Q&A: Owl AI Making Better ADAS Systems with Help from Drones
We spoke with Owl AI CEO and co-founder Chuck Gershman about how a new technology opening up new doors for his company.
Owl AI has steadily been improving the SWaP-C (Size, Weight, Power and Cost) of the electronics in its thermal camera sensors while also improving capability. The company’s latest units have three-and-a-half times more pixel density in roughly the same size silicon area, as well as additional logic in the chip that now uses a single board versus the three-board stack used previously. We spoke with Owl AI CEO and co-founder Chuck Gershman about this improvement and how it’s opening up new doors for his company. This is an edited transcript of our discussion.
Q: Tell me about the improvements in your sensor since we last heard from you at AutoSens in the fall of 2023.
A: The whole SWaP-C concept and the whole resolution concept were designed for ADAS applications, specifically for getting us from an L2 into an L3 and anything in between. When we showed this hardware in public at CES, we got a secondary customer base that seemed to be all over us. They weren’t asking us to build them something different. They were just asking us, “Could we apply this to our application,” and those were mini drones. The combination of SWaP-C and the resolution really got the attention of the dual-use community.”
Q: Are you hinting at the military realm here?
A: It could be military. It could be surveillance. It could be border protection. It’s anything associated with surveillance applications or any kind of reconnaissance, as well as search and rescue. We always knew that this technology would be applicable there, but we never actively marketed it. Once we showed the form factor, there was just this avalanche of interest. It doesn’t change our basic hardware design premises in any way, shape, or form. That automotive size, weight and power solution just happens to fit in small form factor drones.
Q: Those benefits apply across the board. How did you react?
A: As a smaller company, we want to stay focused, but we were kind of inundated with requests. So we are paying attention to that.
Q: How does that impact the automotive work?
A: One of the biggest negatives of trying to intersect automotive product lines [as a tier-two supplier] is simply the timeline from product commitment to product deployment. It’s a long qualification timeline. How do you generate production revenue during the qualification timeline?
We had a thesis that there were other mobility applications that could fill that revenue timeline. One of the reasons we didn’t overly market into the drone space was that we might have to do additional engineering. What we’re hearing from the drone guys is, “Just give us this, this and this as you have it, and we’ll take care of the additional engineering. Just give us access to deploy cameras on this,” and now you can fill your revenue gap. You can create incremental revenue while you support your longer-term qualification plans for automotive.
If you just go back and look at what happened in the lidar space, you’ll see this very problem. The only real lidar companies that have survived are a handful of Chinese companies where the Chinese market bought up their stuff and those who SPACed. The reason that the ones that SPACed survived was they had ample monies to cover this valley of revenue depth between proof of concept and production.

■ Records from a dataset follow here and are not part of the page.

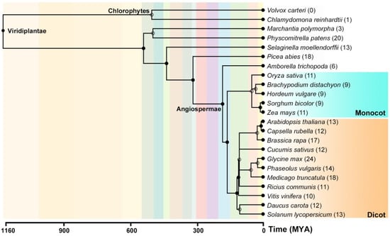 Phylogeny distribution of DUF506 genes across 23 species used in this study. The number of high confidence DUF506 genes is listed in parentheses. The order of tree branches and divergence time are derived from the TimeTree database (http://www.timetree.org/, accessed on August 2021). Monocot species are highlighted in the rectangle of teal color, whereas the dicot species are masked by rectangle in yellow color.
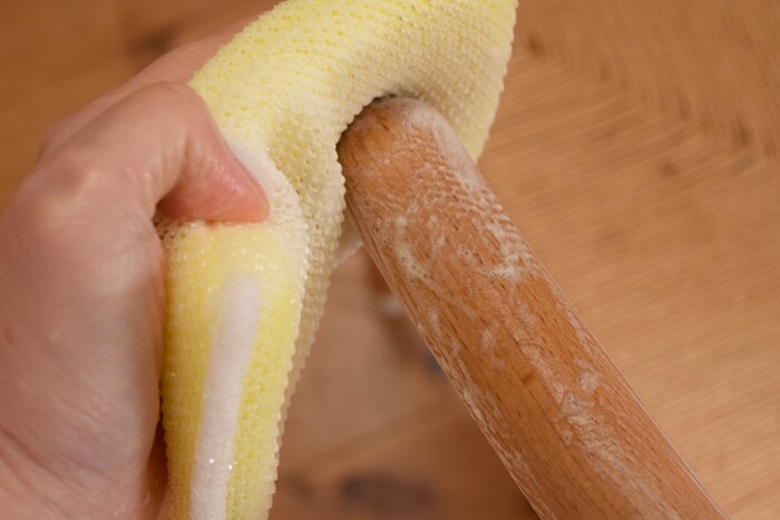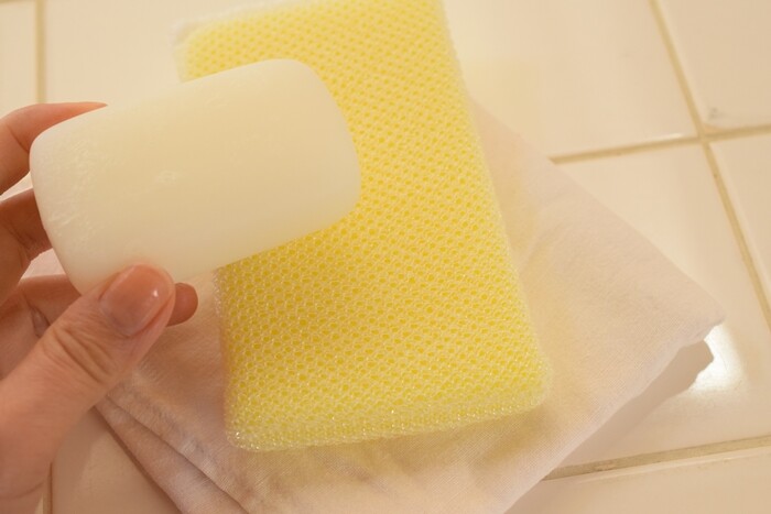 手入れ方法は、純石鹸とスポンジ、布巾を用意して。
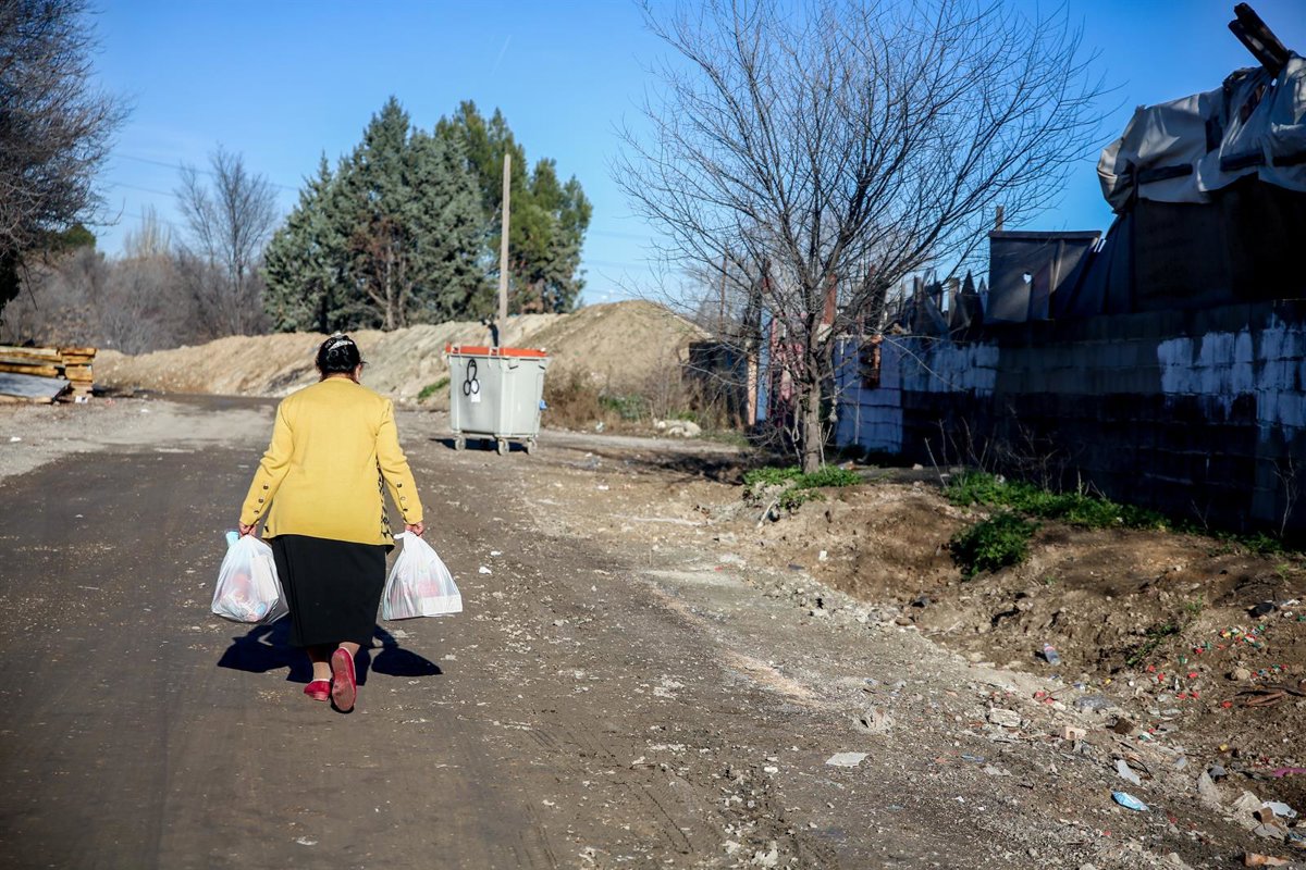 Archivo - Una mujer camina con bolsas que ha recogido en la entrega de regalos y alimentos organizada por la Fundación Madrina, en la Cañada Real, a 31 de diciembre de 2021, en Madrid, (España). La entrega de regalos y comida va dirigida para los niños - Ricardo Rubio - Europa Press - Archivo
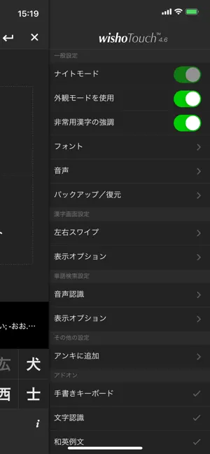 他アプリからシェアシートで検索 ナイトモード(夜間モード) Apple Watchアプリ ホーム画面ウィジェット ロック画面ウィジェット このアプリはJMDICTとKANJIDIC2とRADKFILEのファイルを使用しています。これらはMonash UniversityのElectronic Dictionary Research and Development Groupの著作物であり著作権者の許諾の上使用されています。 KanjiVGは©Ulrich Apel、クリエイティブコモンズ Attribution Share-Alike (表示-継承) ライセンスに基づき使用されています。
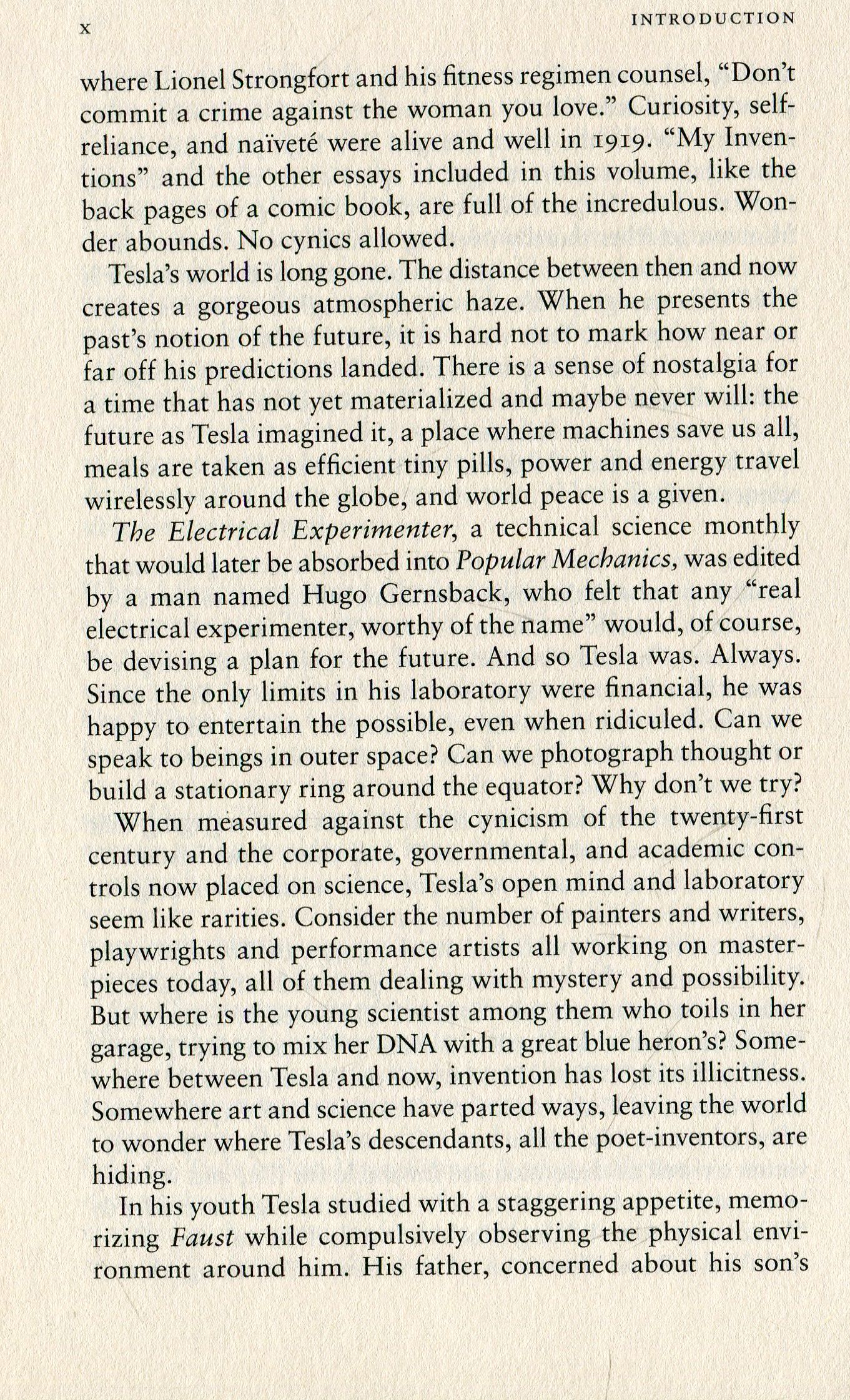 Nikola Tesla's life is as interesting for his idiosyncrasy as it is for his brilliance. The inventor's mind knew no limits and his incredible sense of possibility rings through his memoir. This authorative volume of My Inventions includes three additional articles by Tesla which were published in The Electrical Experimenter magazine and represent the breadth of his interests: 'Tesla would pour Lightning from Airships to Consume Foe' (1916), 'The Action of The Eye' (1893), 'The Problem of Increasing Human Energy' (1900). Samantha Hunt, author of The Invention of Everything Else, contributes an introduction to Tesla's works, separating fact from fiction (there are published works out there that attest Tesla was an alien), while maintaining the natural awe of Tesla's eccentric existence.
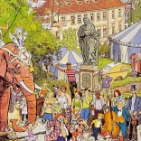 Kreatives Puzzle in einer außergewöhnlichen dreieckigen Schachtel, das Groß und Klein großartigen Spaß bereitet. Das Motiv des deutschen Künstlerduos Doro Göbel und Peter Knorr zeigt eine lebendige und humorvolle Umzugsszene.
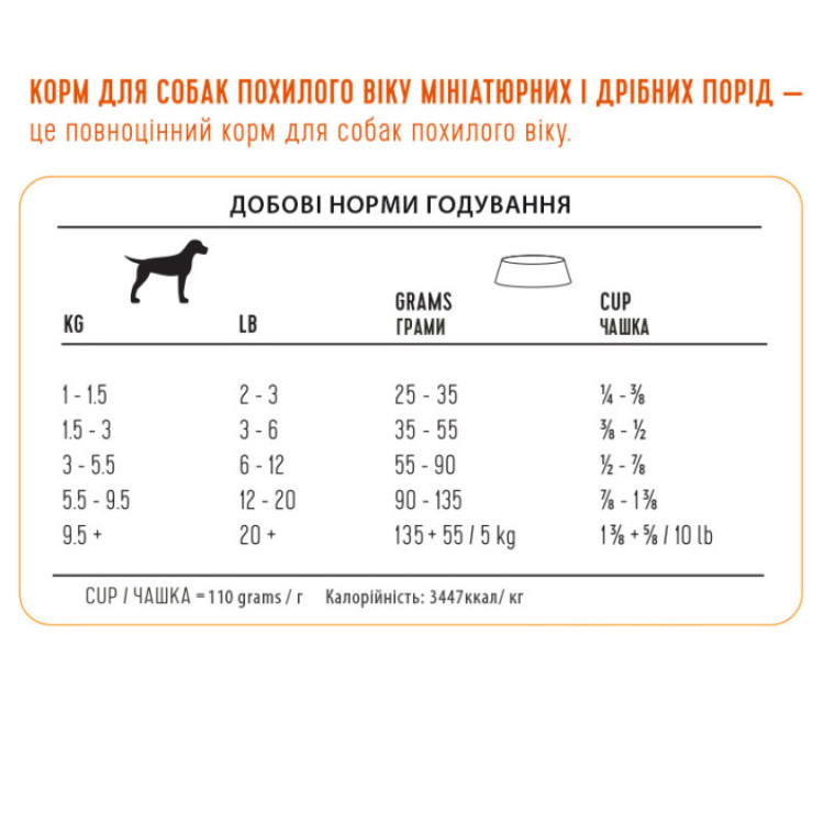 калорійність (3447 ккал/кг) повністю задовольняє всі потреби літніх або малоактивних собак міні та малих порід;

Q: Finally, new regulations are on the way regarding nighttime pedestrian protection, something a thermal camera is obviously good at. The announcement describing these rules has repeatedly been delayed. What are your thoughts on the new rules, whatever they might be?
A: The more disruption there is in the market and the more market uncertainty that’s created by that disruption, the better it is for small companies. The more that’s understood and known as a given, the better it is for incumbents. So, quite frankly, NHTSA’s playing around and screwing with people’s minds and being a little late is good for us. It creates more disruption, more uncertainty. We like uncertainty, as it relates to the market that relates to us. So, quite frankly, I’m not sweating at all. And whatever they come up with, whether it’s more rigid or less rigid than what they have there, it’s still table stakes for us. It’s easy to do. We’ve already tested it against their original proposal, and we passed all their tests with flying colors. So we’re not really sweating what the what the spec says.